Dublin is to turn into Musictown this month - here are the highlights

We’ve taken a look at the line-up.

Top: Poet Felispeaks. Bottom: John Sheahan and Rachel Croash.
Top: Poet Felispeaks. Bottom: John Sheahan and Rachel Croash.
Image: RollingNews.ie

FROM THIS WEEKEND, the capital has been turned into a town filled with music thanks to a festival involving a range of diverse events.

The 10-day MusicTown – which kicked off on Friday – sees a range of concerts, masterclasses, collaborations and workshops taking place in Dublin until 22 April.

The event, which is organised by Dublin City Council and Aiken Promotions, bills itself as “setting out to explore and celebrate the diverse constellation of music cultures that exist in Dublin City, MusicTown aims to unify the city, making its music relatable and accessible, instilling a sense of pride in Dublin’s musical heritage, whilst welcoming newcomers and visiting artists”.

This year, the overall programme focuses on the themes of collaboration and community.

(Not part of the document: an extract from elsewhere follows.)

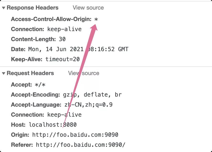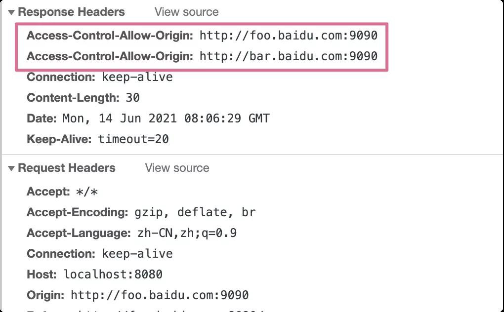 复制private void setCrosHeader(HttpServletResponse resp) { resp.addHeader("Access-Control-Allow-Origin", "http://foo.baidu.com:9090"); resp.addHeader("Access-Control-Allow-Origin", "http://bar.baidu.com:9090"); } 1.2.3.4.小细节:这里将setHeader改用为addHeader(xxx)了哟,你懂的?

As to what genres will be covered? Expect everything from opera, choral and contemporary classical to hip-hop, electronic, traditional, folk and rock.

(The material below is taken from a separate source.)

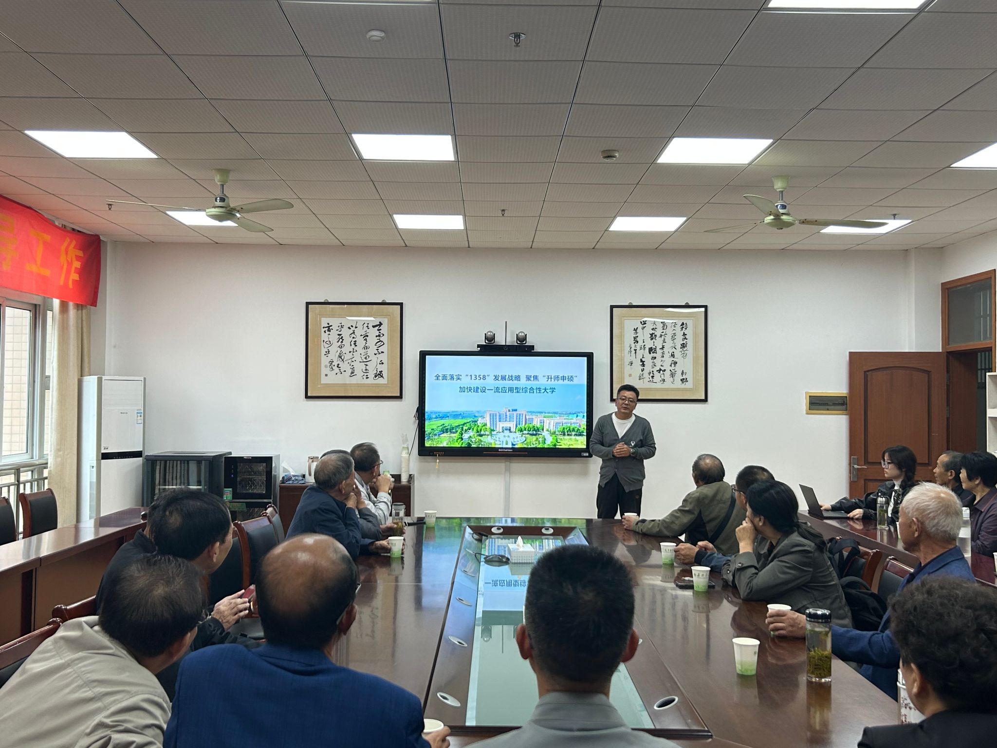 王明建对员工们重返母校表示热烈欢迎,对员工们关心支持母校的建设与发展表示感谢。并围绕“落实‘1358’战略、聚焦‘升师申硕’,全面推进公司高质量发展”主题,从公司基本情况、团队队伍、红船精神育人、应用型人才培养、社会服务和硕士学位点建设等方面介绍了公司近年来的发展情况。

“Through MusicTown Dublin City Council seeks to showcase the best of Dublin’s music while also encouraging new audiences to try new musical experiences,” says City Arts Officer, Ray Yeates

Leagues O’Toole, Creative Director for MusicTown, says that “music is one of the most community-oriented activities I can think of”.

What I love about music is how open a playing-field it is, one where actors, writers, visual artists, literally anyone can get involved. So we thought this year it would be good to meditate on those themes of “community” and “collaboration”.

Programme highlights

We’ve taken a look at the line-up and picked out some of our favourites – but there’s a huge amount on, so do take a look at the full line-up on the MusicTown website.

Tuesday 17 April

  • The Unthanks with the Orchestra of Ireland, conducted by Charles Hazlewood. Tickets €32 www.AbbeyTheatre.ie/01-8787222.

The Unthanks and the Orchestra of Ireland collaborate across two consecutive nights. The Mercury nominated Tynesiders will take a symphonic exploration into their best-loved material, plus new work specially devised for these shows.

  • Word Up Collective presents: Issa Vibe. 7pm Workman’s Club, Wellington Quay, Dublin 2 – tickets €10 from www.TicketWeb.ie

Issa Vibe will bring together live music from Loud Motive, JyellowL, Sequence and Verified alongside spoken word from Felispeaks, Sasha Terfous and Dagogo Hart. The night will also feature an art exhibition based around the Issa Vibe theme.

Wednesday 18 April

  • Ficino Ensemble present: The Still Point of the Turning World. 7pm, Assembly Rooms, Irish Georgian Society, 58 South William Street, Dublin 2 – tickets €20 from www.eventbrite.ie

Olwen Fouéré will recite TS Eliot’s Four Quartets, and to accompany this Ficino Ensemble will perform two contemporary string quartet masterpieces: Thomas Ades’ String Quartet Four Quarters and John Corigliano’s Grammy Award-winning String Quartet. Both these works will be performed in Ireland for the first time.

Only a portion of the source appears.